RAW DATA below:
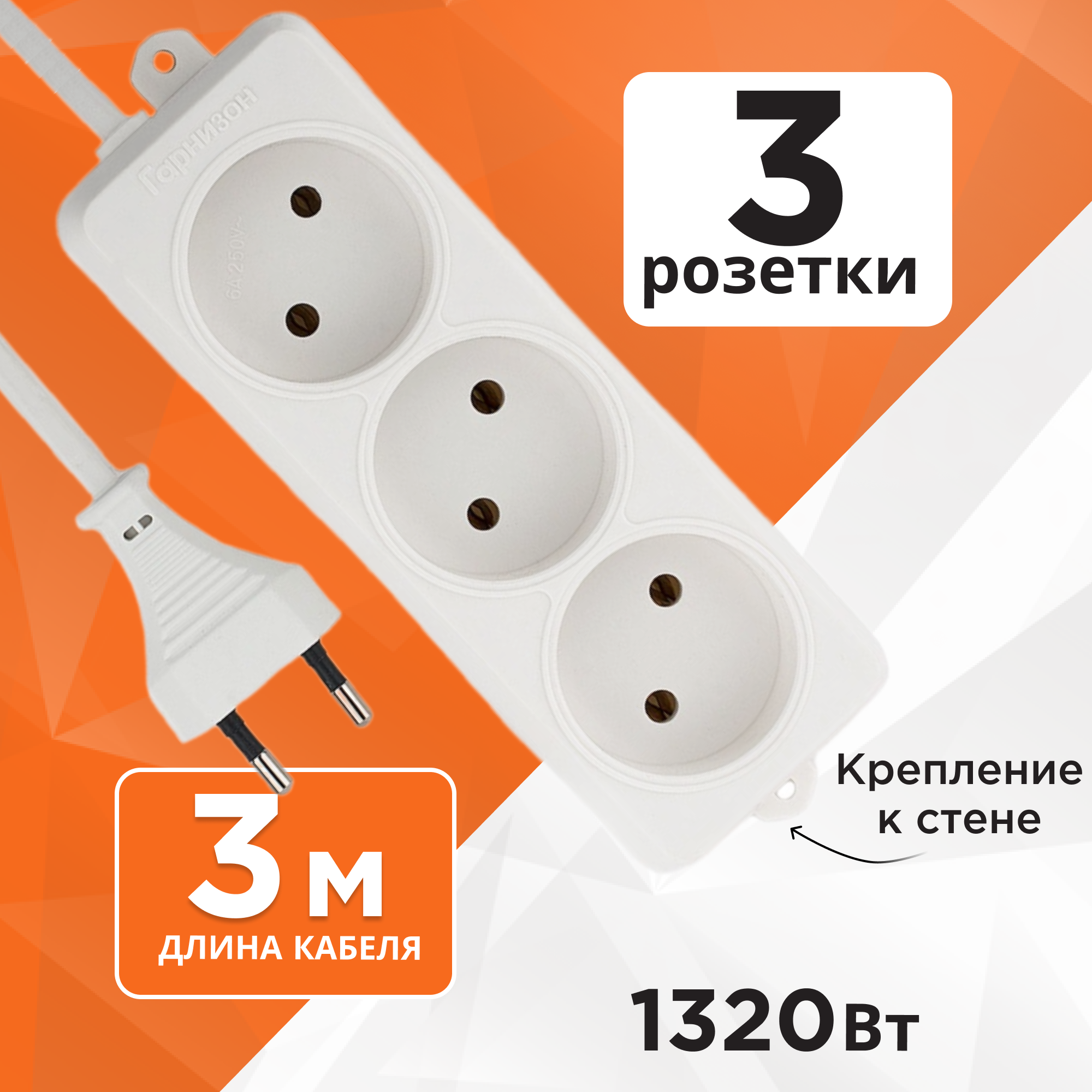 Удлинитель Гарнизон EL-E3-W-3, 3 розетки, б/з, 6А / 1300 Вт белый 3 м 0.75 м² 3
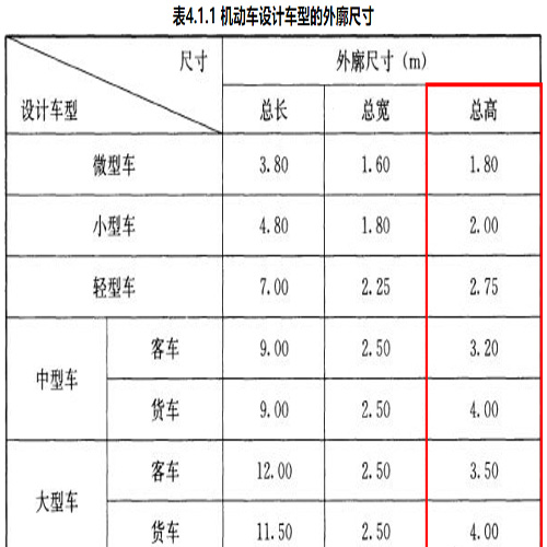 4.1.1 機動車庫應根據停放車輛的設計車型外廓尺寸進行設計。機動車設計車型的外廓尺寸可按表4.1.1取值。
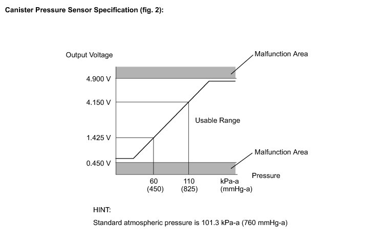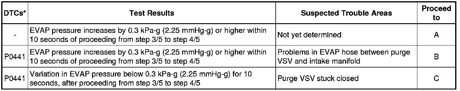 * The vent valve is turned off (open) and the EVAP pressure is measured. If the variation in the pressure is below 0.5 kPa-g (3.75 mmHg-g), the ECM interprets this as the purge VSV being stuck closed, illuminates the MIL and stores DTC P0441 (2 trip detection logic).
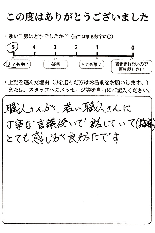 職人さんが、若い職人さんに丁寧な言葉づかいで話していて(指導)とても感じが良かったです。
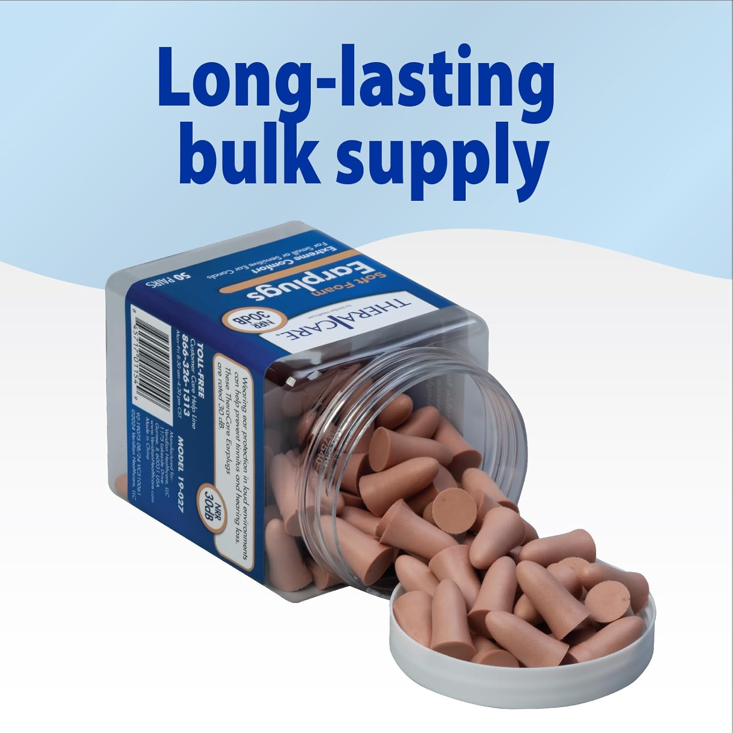 This 50-pair pack of TheraCare Soft Foam Earplugs is a decent bunch of earplugs at a decent price. The plugs are fine, They take time to spring back into shape after you compress them to put them in your ears, which means you can get them into just the right place. Maybe a little too much time. They do seem to do a decent job at noise attenuation. Not much to write about. They work!
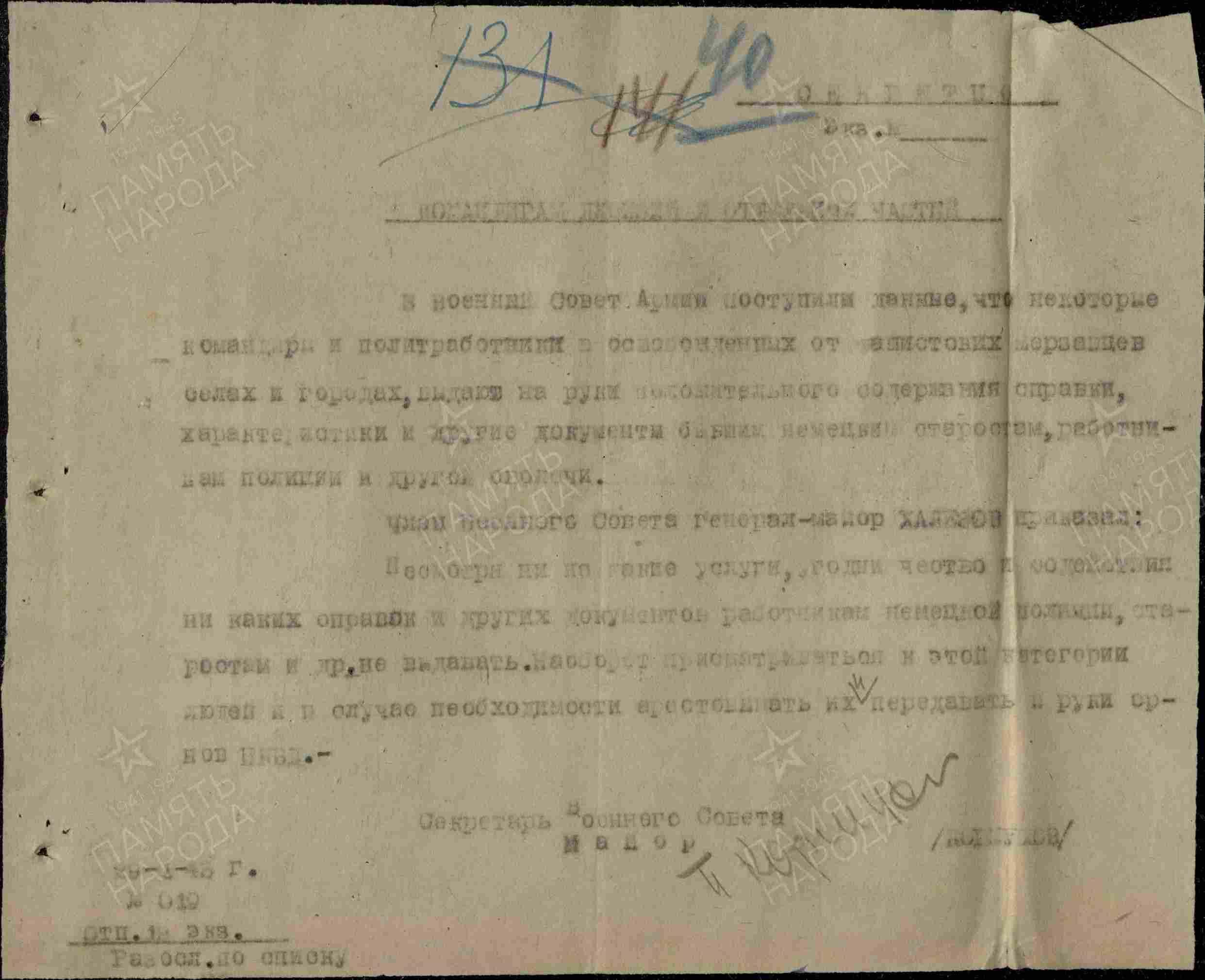 Автор: Андрей УлановКак известно, в хорошей бюрократии "без бумажки ты букашка". Однако в 1943 году бумажки с "положительным характеристиками", который командиры Красной Армии выдавали "старостам, полицаям и другой сволочи", вызвали у Военного Совета армии легкое офигение.
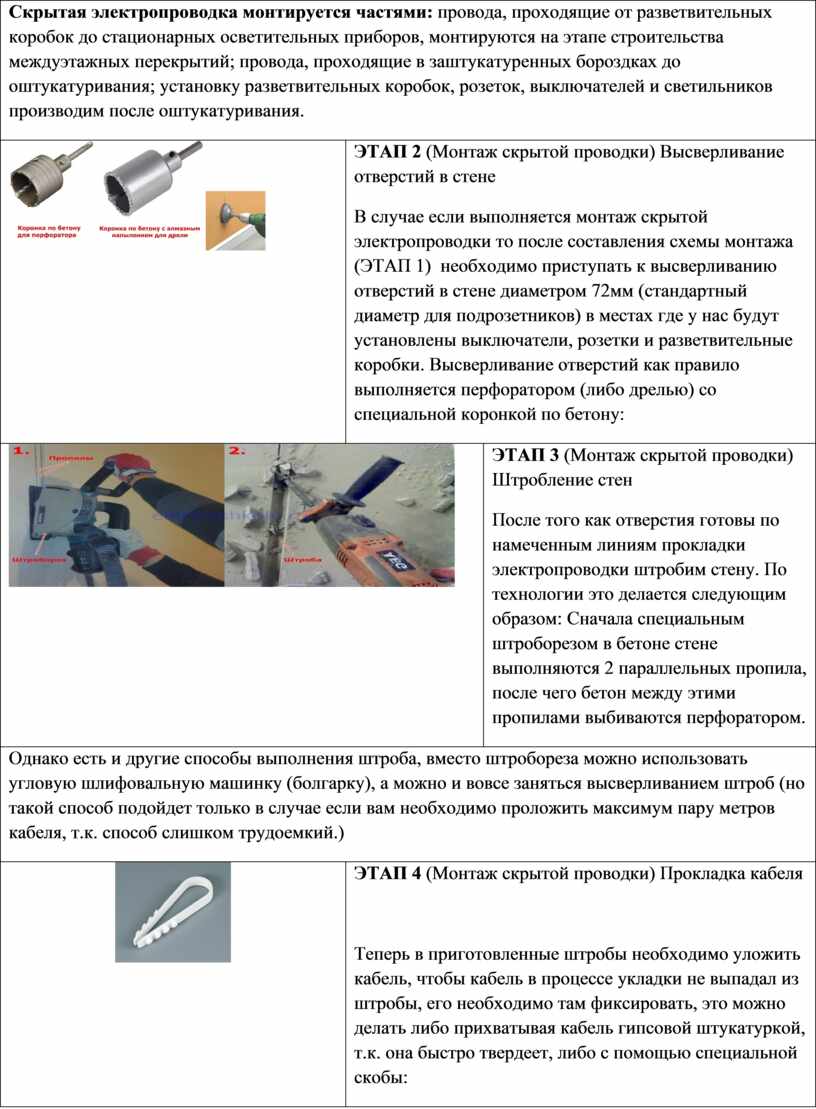 Монтаж скрытой электропроводки — это более трудоемкий процесс, при котором электрическая проводка прячется под обшивку стен, либо укладывается в штробы: Первый шаг. Второй шаг. Третий шаг. |
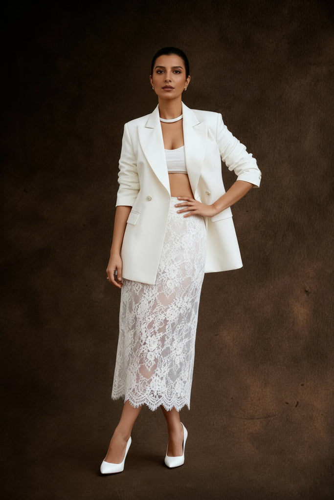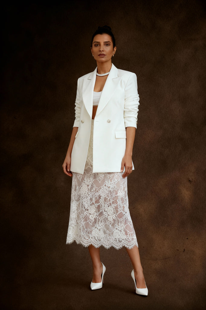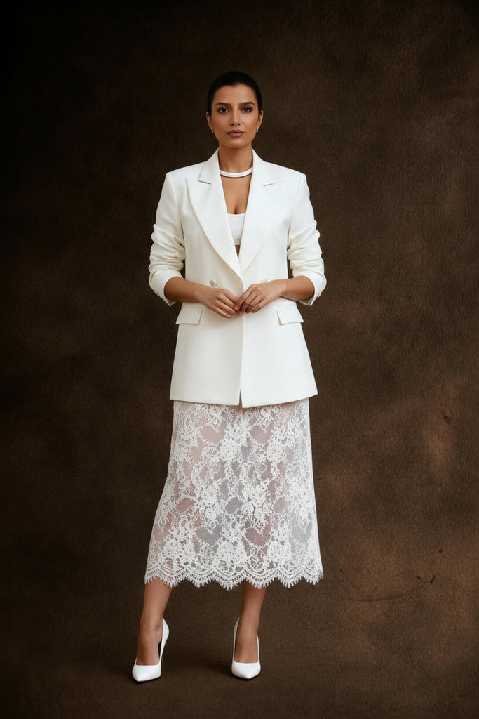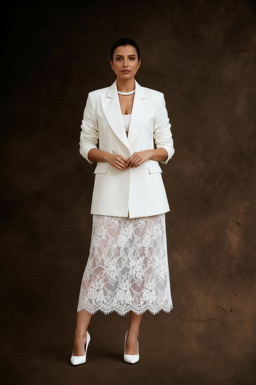 Add opulence to your evening edits with Double Breasted Snow Drop Skirt Silk Jacket Suit, its cut to a flattering and tailoring fit.
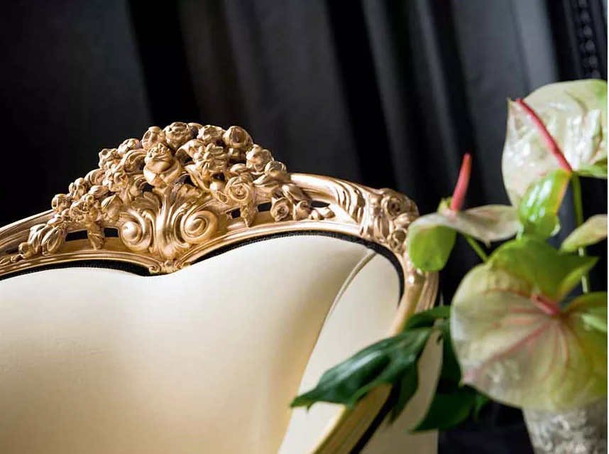 - Floral woodwork polished in Gold shade with comforting upholstery
End of RAW DATA.
▸ INSTRUCTIONS FOR THE TASK: What do the lines above say from the line containing "職人さんが、若い職人さんに丁" through the last line? Quote them exactly, both ends included, and leave out the pictures.

▸ WRITTEN SOLUTION:
 職人さんが、若い職人さんに丁寧な言葉づかいで話していて(指導)とても感じが良かったです。
 This 50-pair pack of TheraCare Soft Foam Earplugs is a decent bunch of earplugs at a decent price. The plugs are fine, They take time to spring back into shape after you compress them to put them in your ears, which means you can get them into just the right place. Maybe a little too much time. They do seem to do a decent job at noise attenuation. Not much to write about. They work!
 Автор: Андрей УлановКак известно, в хорошей бюрократии "без бумажки ты букашка". Однако в 1943 году бумажки с "положительным характеристиками", который командиры Красной Армии выдавали "старостам, полицаям и другой сволочи", вызвали у Военного Совета армии легкое офигение.
 Монтаж скрытой электропроводки — это более трудоемкий процесс, при котором электрическая проводка прячется под обшивку стен, либо укладывается в штробы: Первый шаг. Второй шаг. Третий шаг. |
 Add opulence to your evening edits with Double Breasted Snow Drop Skirt Silk Jacket Suit, its cut to a flattering and tailoring fit.
 - Floral woodwork polished in Gold shade with comforting upholstery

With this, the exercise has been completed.